Today though, since High Deductible Health Plans (HDHPs) are on the rise, employees are more likely to opt in to voluntary benefits that help fill the gaps and provide a safety net. In fact, according to the 2017 AFLAC Workforces Report, 81% of employees see a growing need for voluntary insurance, while 72% of employees not offered voluntary insurance would be at least somewhat likely to purchase them if they were.

At the same time, employers are realizing that offering a fuller roster of benefits gives them a leg up not only on retaining their employees, but also with recruiting them. Brokers are also seeing a change: focusing more on selling these products not only makes their clients feel better-served, but it can also be pretty darn good for their bottom line.

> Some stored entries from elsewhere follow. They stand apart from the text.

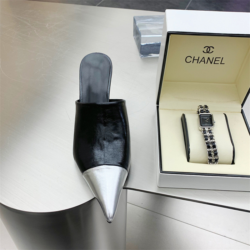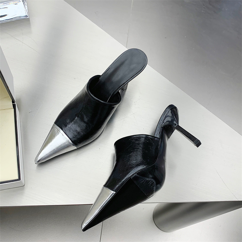 Baotou 슬리퍼 외부 얇은 발 뒤꿈치 2024 새로운 유럽과 미국의 패션 여성 하이힐 올 매치 포인팅 하이힐 슬리퍼
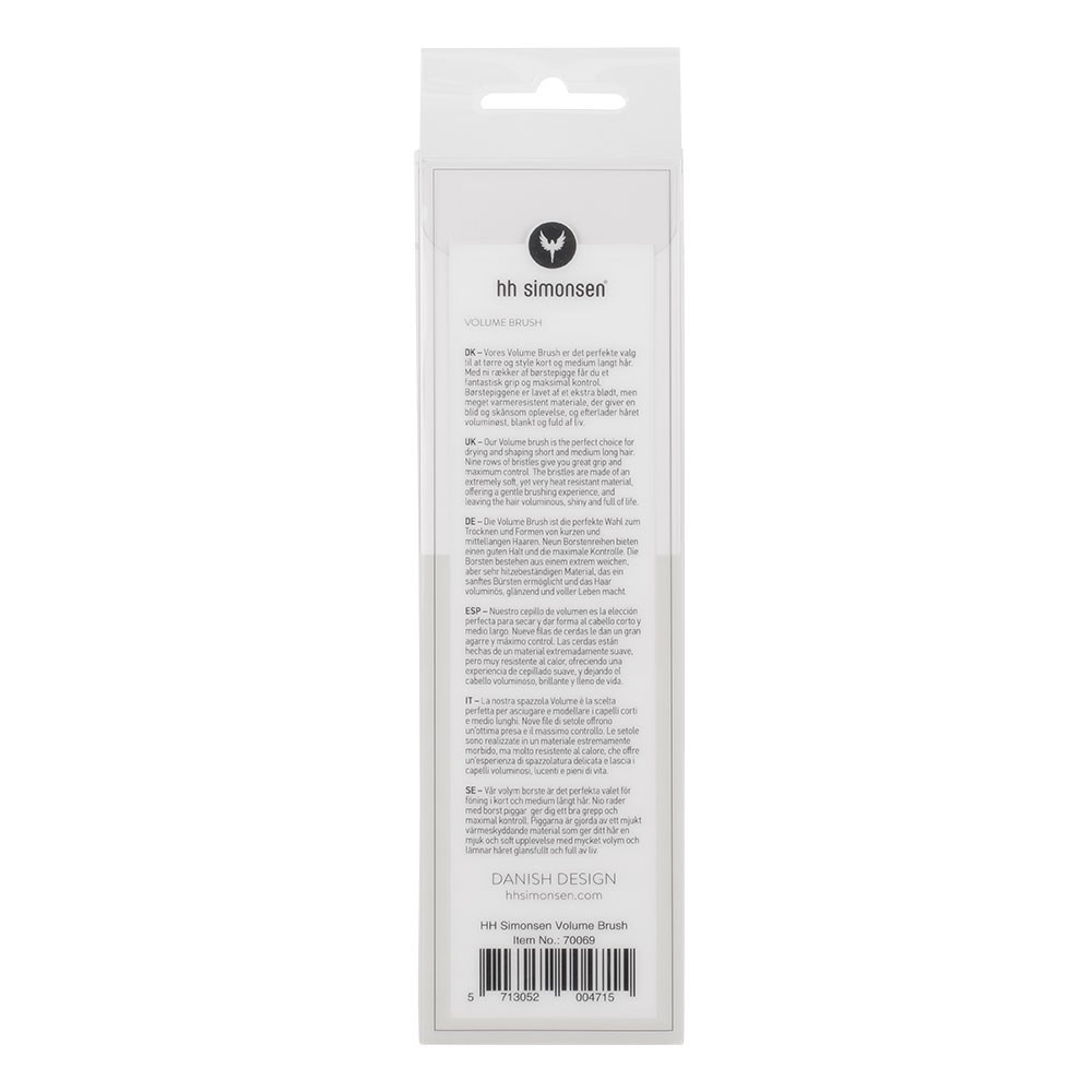A brush is not just a brush. HH Simonsen can prove it. HH Simonsen Volume Brush is the perfect choice for drying and shaping short to medium hair. Nine rows of bristles give you great grip and maximum control. The bristles are made of an extremely soft yet heat resistant material, offering a gentle brushing experience. Hair is left voluminous and shiny. Danish design.
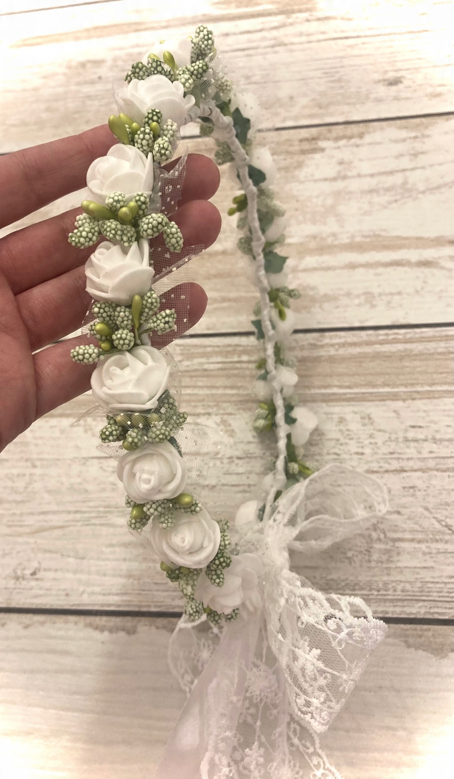 Размер стандартного венка примерно 54 см, регулируется. Цвета: грязно-белый и зеленый. Венок красиво смотрится и привлекает внимание благодаря плотно сплетенной фурнитуре. С другой стороны, это элегантно, скромно и соответствует случаю. Уникальный элемент – красивый кружевной бантик. Пожалуйста!
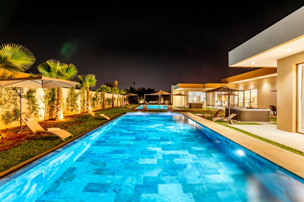 Privatisation complète jusqu’à 22 pers. Villa de luxe avec grande piscine chauffée à débordement & jacuzzi. 6 grandes suites climatisées & chauffées toutes avec TV, minibar, café, etc... Idéale pour séjours & petits événements : avec danseuses orientales, musiciens, cracheur de feu & +. Services premium : ménage quotidien, serveurs, majordome. Mini-foot, basquet, ping-pong... Coach sportif sur demande. Excellente cuisine marocaine maison. Transfert aéroport offert (1 vol). Tous transports 24/24
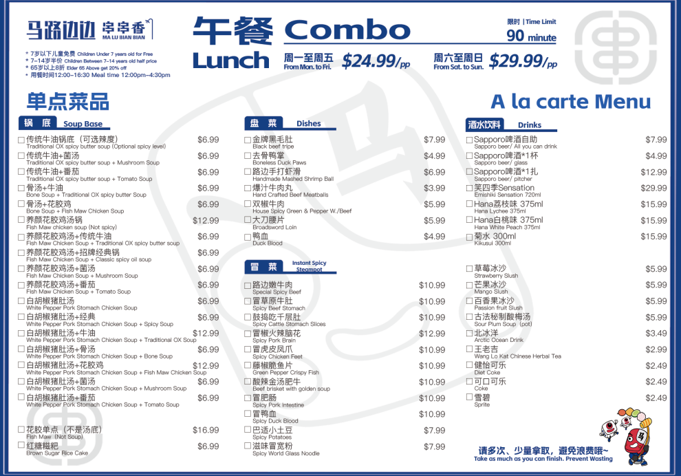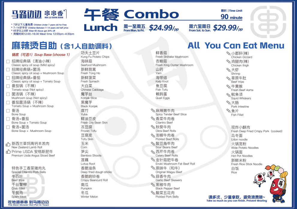 MLBB AYCE Hot Pot 马路边边直营店 Menu
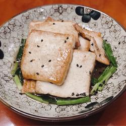 2.Cut the tofu into thin slices and place on a plate

Of course, each new benefit offered needs to be explained in a way that ensures employees both completely understand their options and feel equipped to make the decisions that are right for them. Some brokers deal with this communication challenge by hiring enrollment firms to do face-to-face consults with employees; others do the heavy lifting themselves, giving presentations and answering questions onsite.

The upside of this personalized approach? When a real, living person asks employees questions about their unique life situation, explains the value of an employer-sponsored plan versus other insurance, and offers tailored recommendations, employees are more likely to stay engaged with the information. The downsides, of course, are that these firms don’t come cheap and sometimes these consultants fall prey to overselling. Also, meeting one-on-one with employees yourself, or running lots of small meetings, takes up a lot of precious time that could be better spent on higher-priority strategizing.

However! There’s actually a third approach available that not enough brokers have considered: offering clients interactive benefits decision support tools. This option delivers the personal touch of a conversation with an expert, but doesn’t require feet on the ground.

Interactive benefits decision support tools simulate a natural back-and-forth conversation with a friendly benefits expert and are available to employees 24/7. Not only that, but some of this software—like ALEX, for example—uses behavioral science techniques to nudge employees out of their pre-conceived notions of voluntary benefits, show value, and drive behavior change. Also, unlike the guidance an enrollment consultant might give an employee face-to-face, ALEX’s guidance is consistent and never veers into overselling.

This software doesn’t just talk about voluntary benefits, of course: it also helps employees pick their health plans and retirement options. And that makes it possible for some brokers to either size down their benefits meetings to just a few short Q&As, or enables them to stop doing them altogether. Especially come Q4, that sounds like a darn good option.

In short, your client’s employees aren’t going to buy new insurance unless it’s super clear what they stand to lose or gain by doing so. So if selling voluntary benefits is a top priority of yours of this year, upgrading your clients’ benefits communication technology should be, too.